Our MD analyses revealed possible reasons for the variants’ increased drug export capabilities. The proximal and distal pockets are suggested to mediate interactions with different efflux substrates [17]. Tetracycline and cefoxitin likely interact with the proximal pocket due to their low molecular weight and molecular surfaces (Table S5) [27]. Thus, the significantly enlarged proximal pocket might be the reason for tetracycline and cefoxitin resistance of AcrB^S966A. Moreover, as the drug binding pocket was enlarged, the increased triangle area formed by three crucial aromatic residues (Phe 178, Phe 613 and Phe 615) suggested a higher ability for accommodation of substrates by aromatic-aromatic interactions [16]. A common method for uncovering specificities of efflux pumps toward antibiotics is molecular docking, in which the efflux pump is set as a rigid conformation for acceptance of ligands [36]. However, the export of antibiotics by efflux pump is a multi-step process, and antibiotics may interact with different regions during different phases. In contrast, MD simulations of efflux pump provided a wealth of information on the detailed trajectory of the important domains such as binding pocket and entrance cleft, and our results of wet-experiments indicated they were in accordance with their efficiencies in drug export. Thus, our data also provided a unique view in predicting the efficiency of this process with MD simulations.

Interestingly, both AcrB^L118M and AcrB^S966A displayed increased resistance in low concentration of tetracycline, but altered tolerance to a high concentration of cefoxitin. Likely, this reflects different survival mechanisms in the presence of these antibiotics, e.g., a role for persisters (that may rely on AcrAB for their survival [39, 40]) in tolerance to the bactericidal cefoxitin [37]. Drastically increased survival in cefoxitin vs. the narrow range of tetracycline concentrations around the MIC where we observed a fitness advantage of the variants suggests that cefoxitin might be a better substrate for the variants than tetracycline. This is in line with recent research showing that a mutation of AcrB dose not affect E. coli’s survival in tetracycline [38, 39].

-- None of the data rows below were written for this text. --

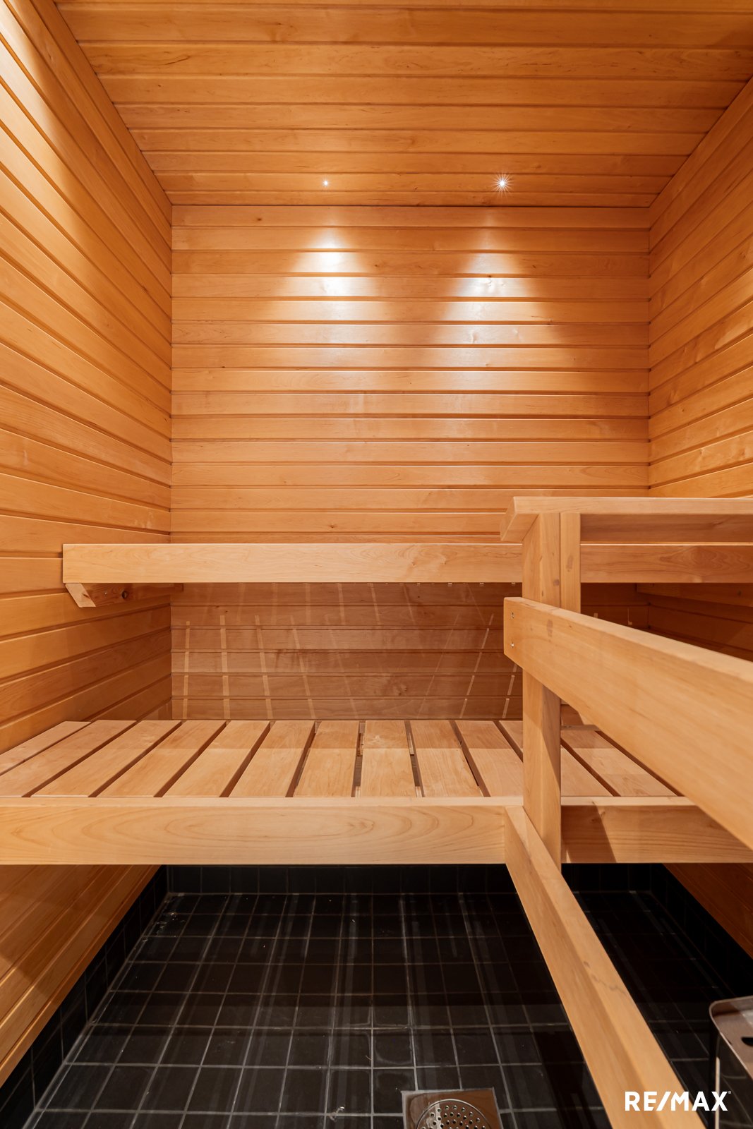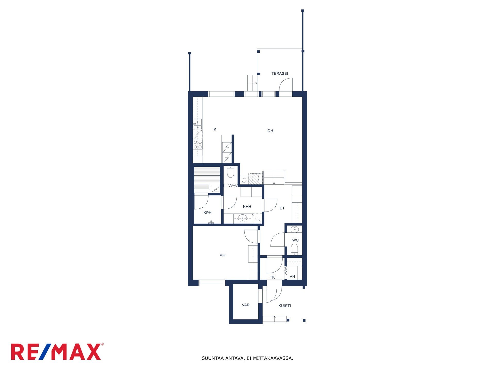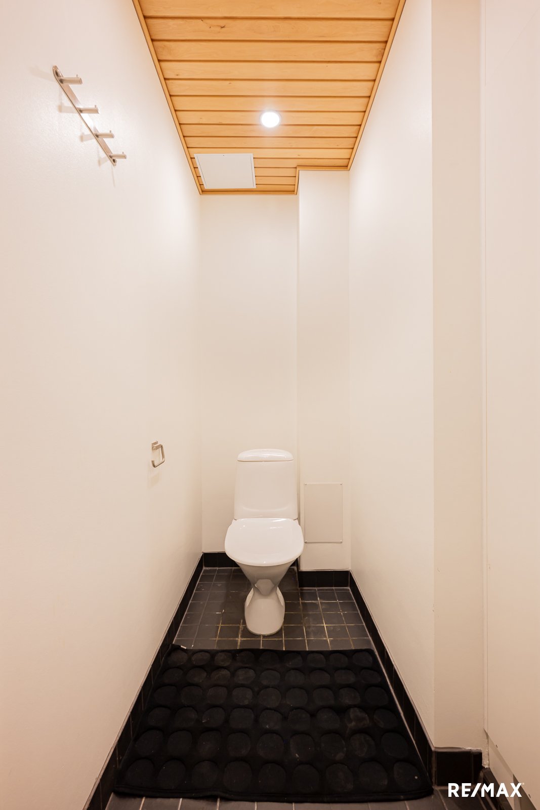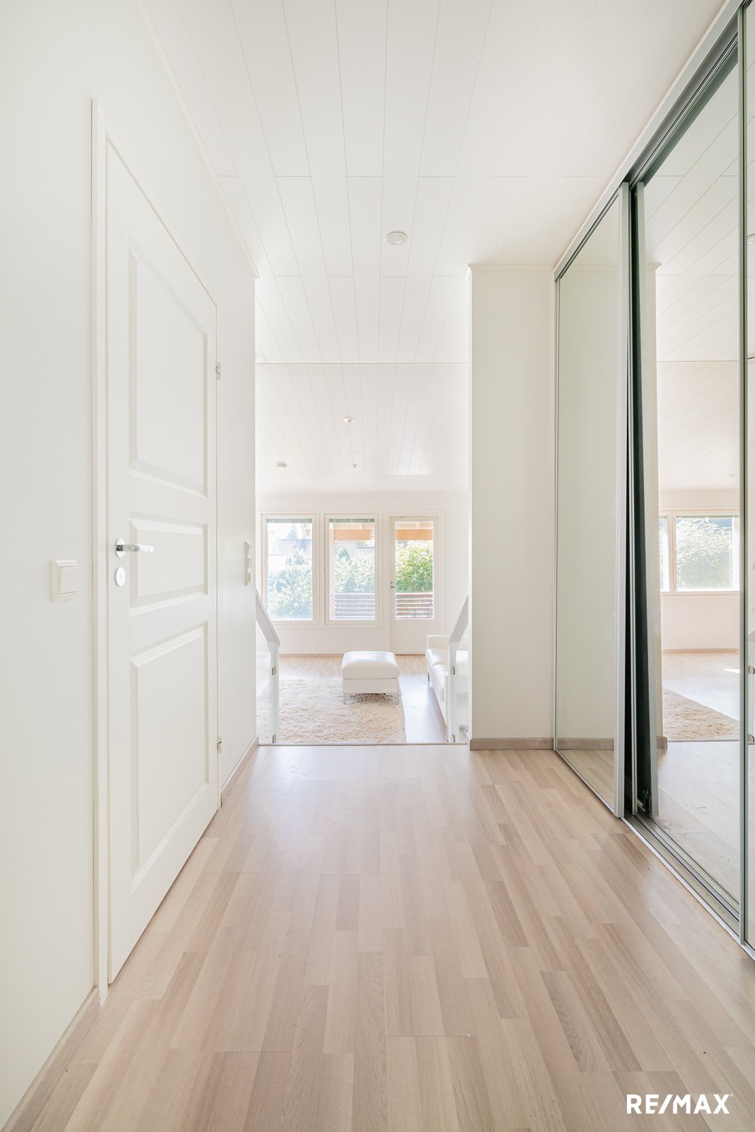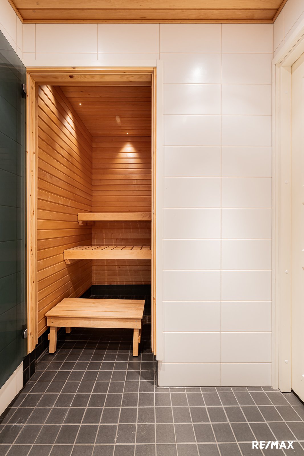 Tämä koti omaa erinomaisen pohjaratkaisun ja tarjoilee mukavaa asumista uudelle omistajalleen. Sisään tullessasi saavut tilavaan ja valoisaan eteiseen josta aukeavat ensin makuuhuone, erillinen wc, kodinhoitohuone jossa toinen wc-istuin sekä sen takana kph- ja saunatilat. Muutama porras erottaa eteisen ja erittäin tilavan olohuoneen, jonka huonekorkeus tekee tilasta ylvään. Olohuone on kauniisti yhtenäistä tilaa avautuvan keittiön kanssa luoden tilasta upean harmonisen kokonaisuuden. Olohuoneesta kulku omalle suojaisalle katetulle terassille.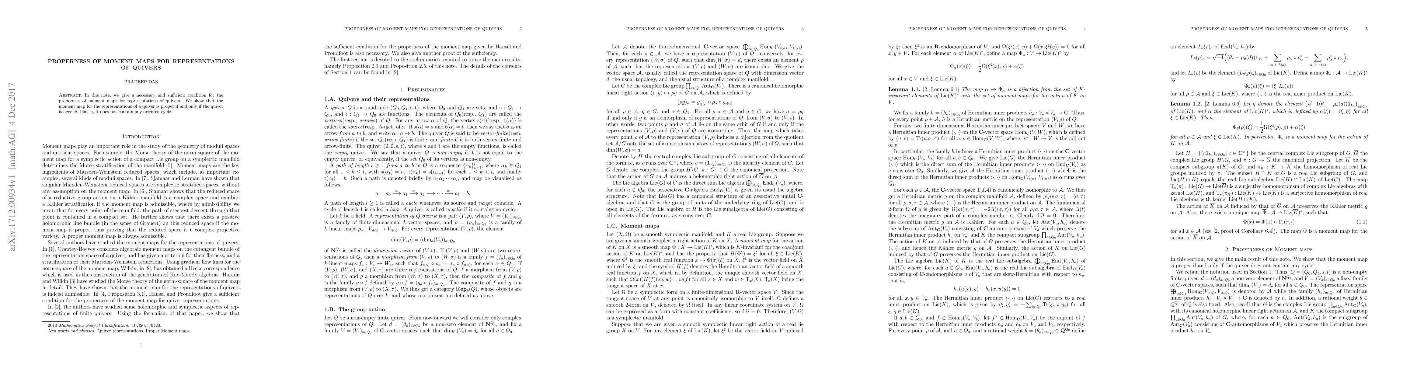 Summary: This paper establishes a necessary and sufficient condition for the properness of moment maps in quiver representations, proving that the moment map is proper if and only if the quiver is acyclic, meaning it lacks any oriented cycles.
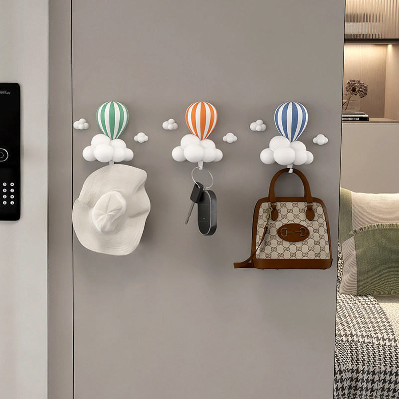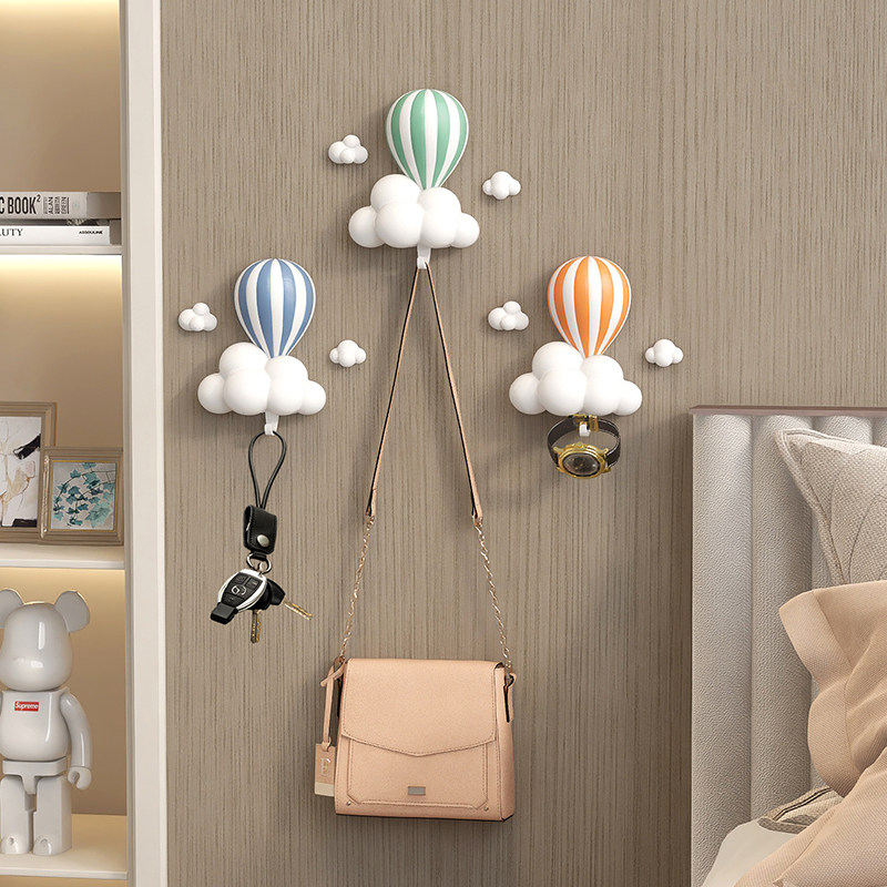 创意热气球入户玄关门后挂钩轻奢墙面装饰儿童房墙上帽子挂衣钩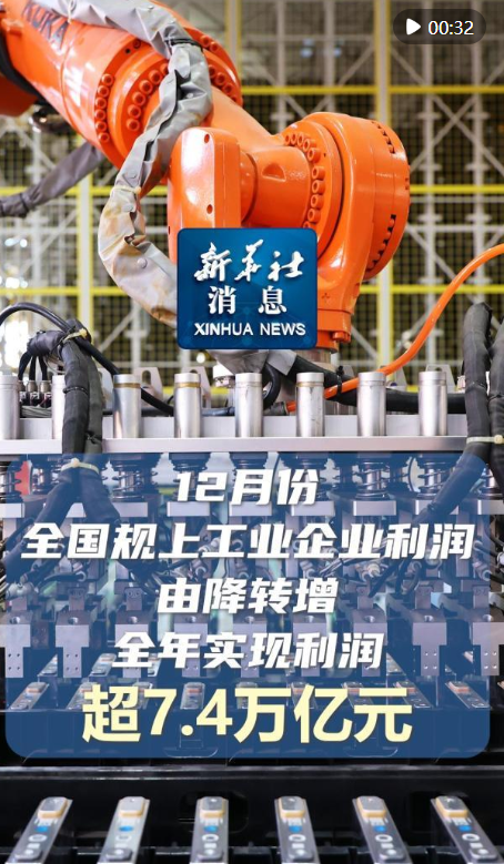 新华社消息|12月份全国规上工业企业利润由降转增 全年实现利润超7.4万亿元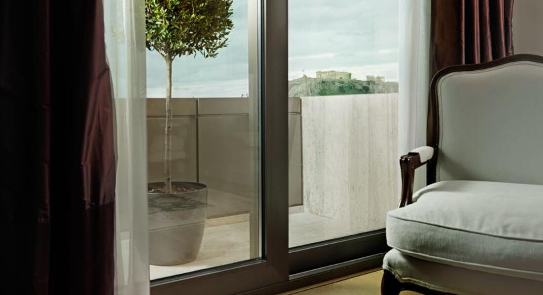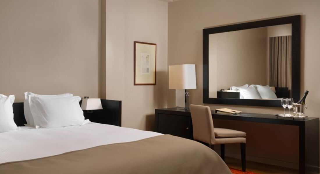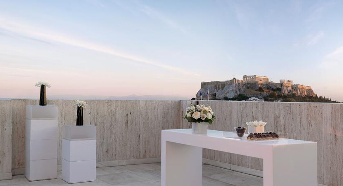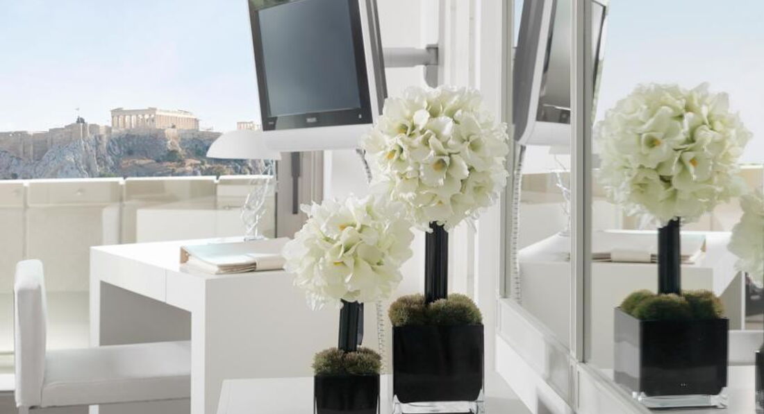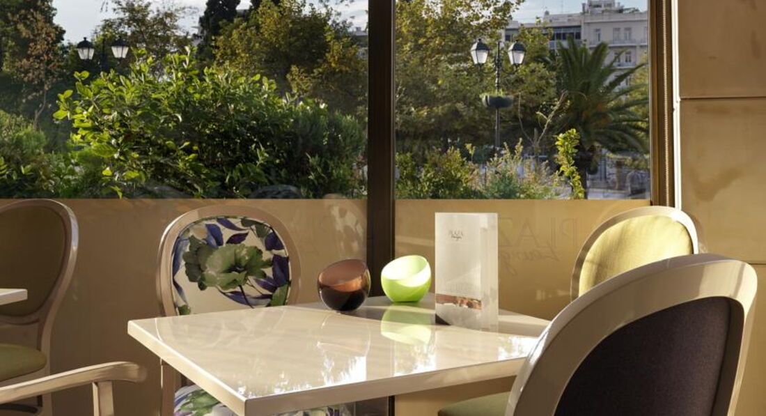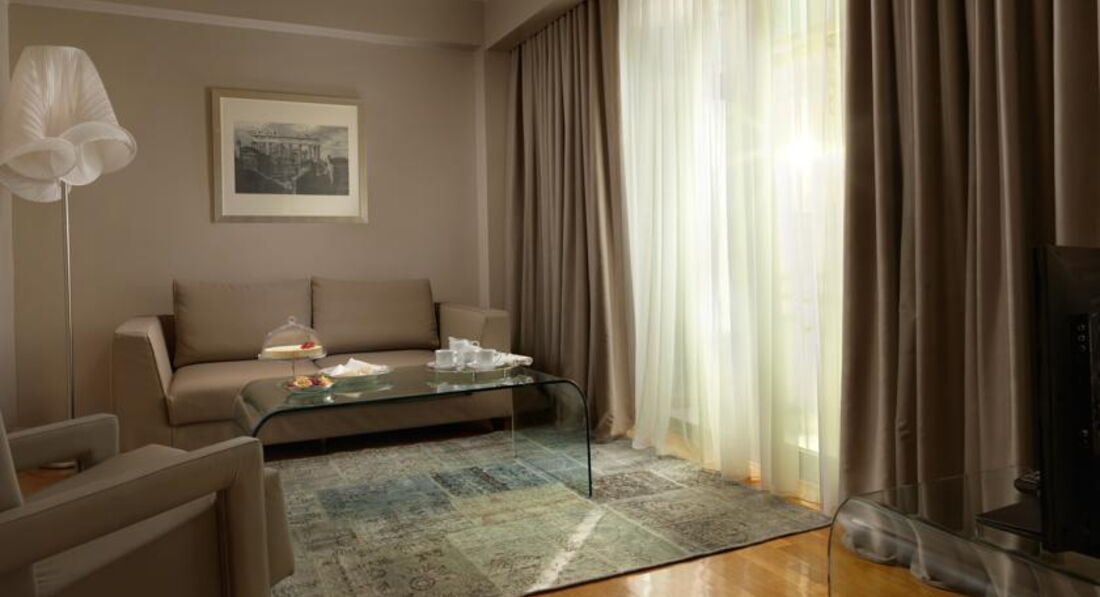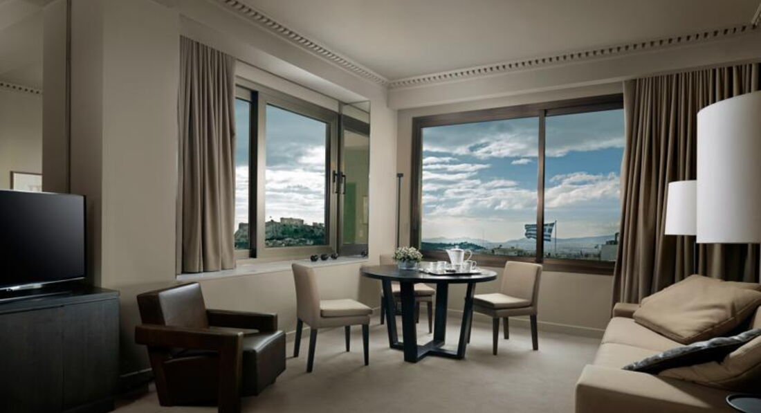 Просторі номери елегантно оформлені у класичному стилі з вікнами від підлоги до стелі. Вікна багатьох номерів виходять на площу Синтагму, Акрополь та вулицю Стадіу. Готель Athens Plaza розташований всього за 50 метрів від станції метро Синтагма і за кілька хвилин ходьби від музею Бенакі. Приблизно за 5 хвилин можна дійти до елегантного району Колонакі з бутіками високої моди, ресторанами вишуканої кухні та модними кафе. Підійде для самостійних мандрівників та ділових гостей.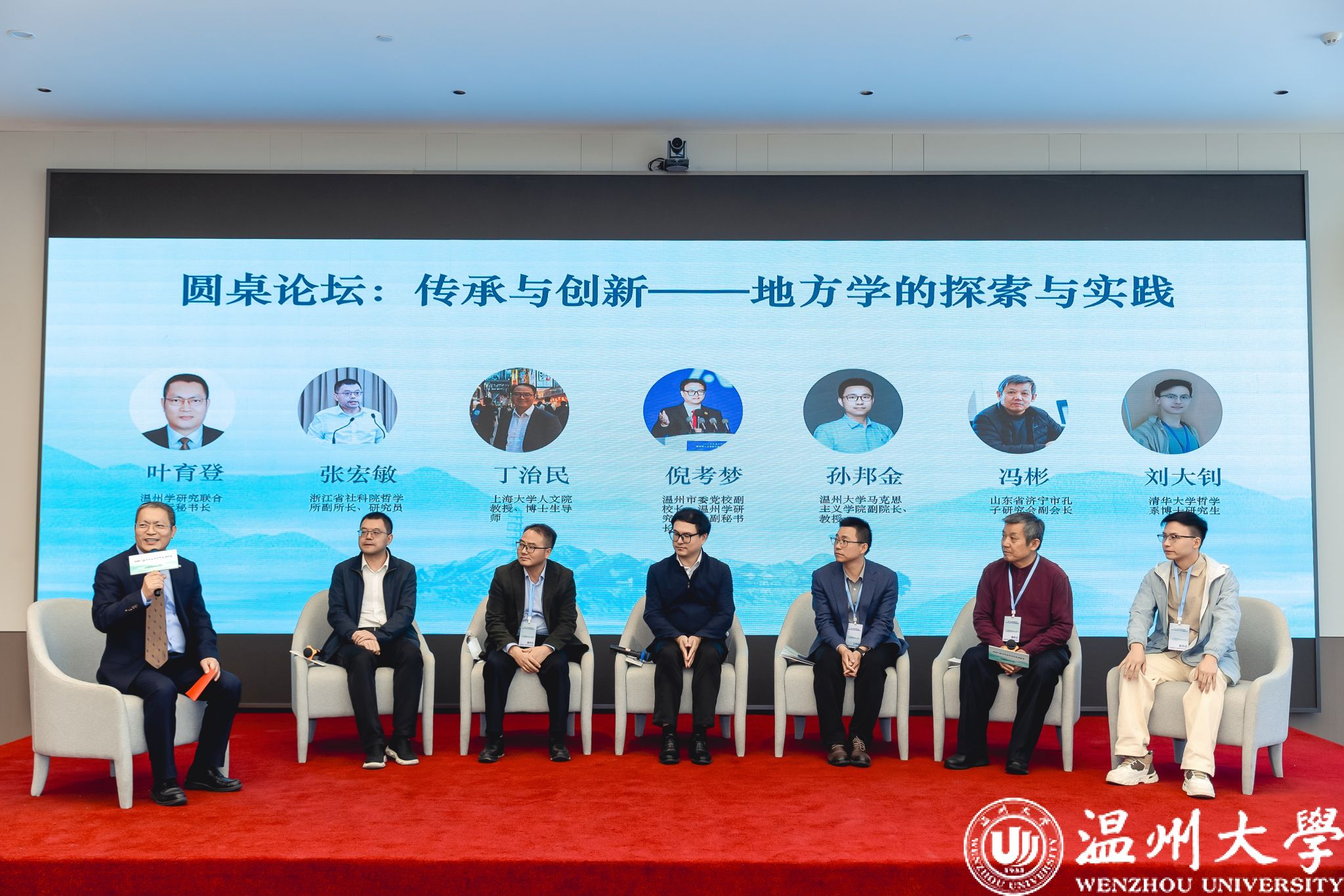 温州市温州学研究联合会执行秘书长叶育登主持了以“传承与创新——地方学的探索与实践”为主题的圆桌论坛。浙江省社科院哲学所副所长张宏敏、上海大学文学院教授丁治民、温州市委党校副校长倪考梦、满冠平台马克思主义学院副院长孙邦金、山东省济宁市孔子研究会副会长冯彬、清华大学哲学系博士研究生刘大钊六位嘉宾,围绕新时代温州学与浙学思想的传承、创新与发展展开了热烈而深入的对话。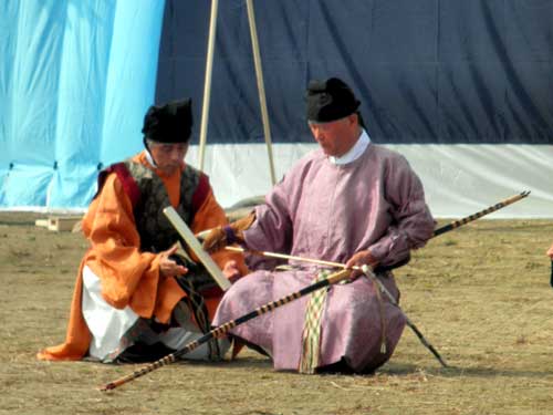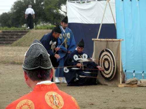 射手の方々は、いつもならば直垂を着用しているのですが、本日の装束はいつもと勝手が違うようで、弓を引くのも難しかったようです。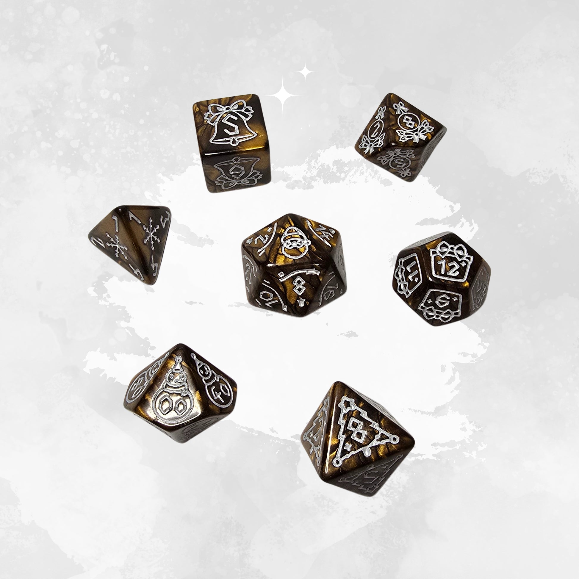 Kış mevsiminin altın ışıltısından ve yılbaşı ruhunun sıcak enerjisinden ilham alan bu kehribar renk Christmas temalı zar seti masaüstü oyunlarınıza zengin, büyülü ve festivale yakışır bir atmosfer katar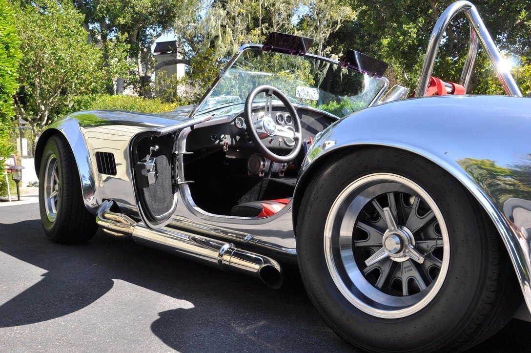 This Cobra features a powder-coated 4″ tubular chassis suspended by control arms and Penske coilovers with Hyperco springs at all four corners.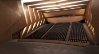 Den Konzertsaal, der mit dem rückwärtigen Teil im Fels verankert ist, beschreiben die Architekten mit der Metapher des „freigelegten Juwels“, der sich im Materialwechsel vom hellen Foyer in den mit Holzoberflächen und gedämpften Farben gestalteten Konzertsaal ausdrücke.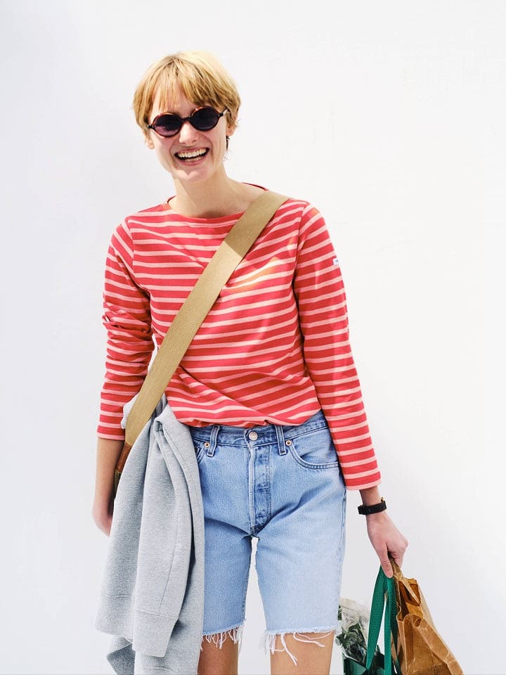 赤やネイビーが差し色になった、シンプルだけど洗練されたフレンチマリンスタイルの代表格といわれています。

In summary, our work demonstrates that the naturally occurring AcrB^L118M and AcrB^S966A increase resistance/tolerance to tetracycline and cefoxitin, posing a potential risk in clinical settings. While the effects of these variants appear to be limited, and possibly by themselves not broadly clinically relevant (unchanged MIC), such small differences could result in just enough of a growth advantage during clinical therapy that the emergence of more robustly resistant variants might ultimately be favored. More broadly, our analyses support the underappreciated notion that antibiotic selection might create efflux pumps with higher efficiency, as demonstrated previously [41, 42]. Our study thus underscores the value of analyzing variations in sequenced genomes alongside functional characterization to get a more comprehensive understanding of how sequence variations in multidrug efflux pumps can increase resistance to clinically-relevant antibiotics. These data will ultimately promote a more complete prediction of the emergence of novel mechanisms of antibiotic resistance.